Emergency communications centers (ECCs) have more responsibility than ever to provide the right quality and level of response to save lives and manage resources effectively. Additionally, keeping up with rapidly advancing technology for many government-led organizations, including ECCs, can be challenging. From budgetary to integration and cybersecurity considerations, upgrading isn't as simple as purchasing the latest software. As a result, supervisors may delay implementing the network, equipment, and software upgrades they need to provide immediate and high-tech emergency services.
With the proper software solutions, supervisors will have the technology they need to allow their facilities to evolve without dramatic budget increases. Better yet, the right technological partner will recognize the challenges supervisors face and provide services and software that help them succeed.
The rapid introduction of these new technologies in recent years has amplified the need for directors to prepare their centers and take advantage of these new capabilities. The challenge in innovating and progressing, however, is that directors must consider these factors:
Given most people’s reliance on smartphones and other devices, our society produces a wealth of data every day. The amount of “smart” equipment is enough that in 1999, Kevin Ashton coined the term “Internet of Things” (IoT), which is a system of unique smart devices and sensors that can transfer data over a network without human intervention. Therefore, ECCs with the proper technology can receive and respond to information about a possible crime or emergency without having to make a phone call.

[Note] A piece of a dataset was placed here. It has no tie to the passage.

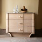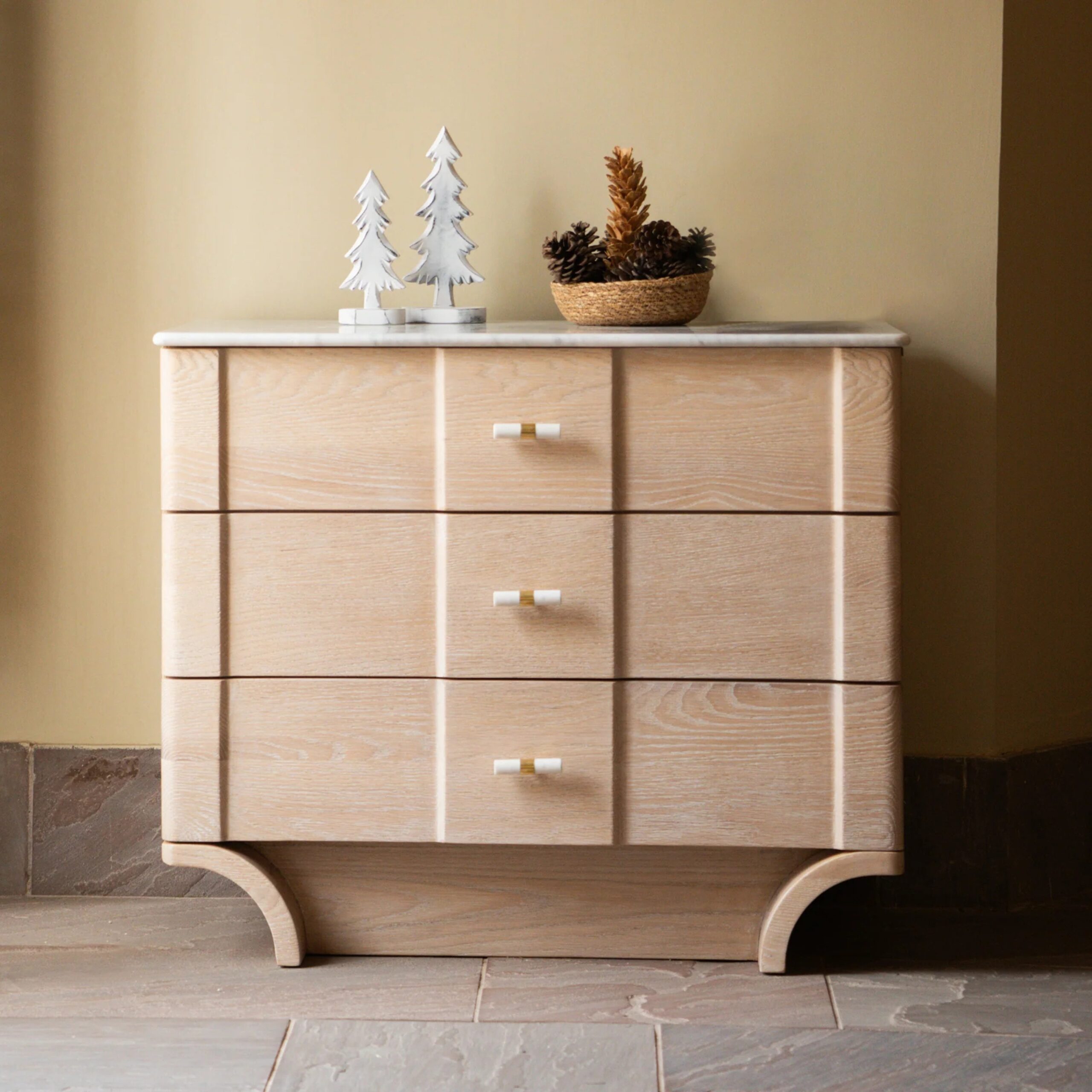 Inspired by vintage French aesthetics, the Wooden Chest of Drawers is a contemporary, design-forward furniture collection that blends by creating timeless luxury. It features solid oak wood and white Carrara marble, creating an aesthetic design.

The advent of IoT does cause a disruption in terms of the ability of the public safety ecosystem to collect data from multiple sources. Customizable analytics solutions can categorize, sort, and utilize vast amounts of data to discover patterns and trendlines to assist professionals in adjusting their operations decision-making.
The program could gather additional data concerning the caller, the location, and dynamic data on the site, including weather alerts and traffic conditions. The dynamic data, coupled with static data such as time and day of the week, can predict needed resources down the line.
For example, where an intersection tends to have more accidents from 5 p.m. through 7 p.m. during the week, the center can be prepared to have police and ambulances on standby. Or, knowing that call volume increases towards the end of the month, the ECC could adjust staffing requirements accordingly.
Along with the IoT, AI, and ML come new security issues. If ECCs have access to data such as traffic cameras and the ability to look up the caller's public histories, who else may want those capabilities? Leadership must educate themselves on internal and external security risks, from human errors to malware or distributed denial of service attacks, and update policies to reflect modern times.
78% of disasters recorded in the United States each year are weather-related, yet public safety officials typically underestimate the number of weather-related disasters that will occur.*
Severe weather can result in downed power lines, trees, and road closures requiring agencies to have the ability to reroute traffic dynamically in order to get first responders to the scene of the incident as safely and efficiently as possible.
These four factors demonstrate the complexity of a center's needs and potential futures. Updating ECCs is no small task for directors who oversee significant upgrades. Directors must keep up with available technologies and consider how to use them to enhance 911 services while managing budget constraints.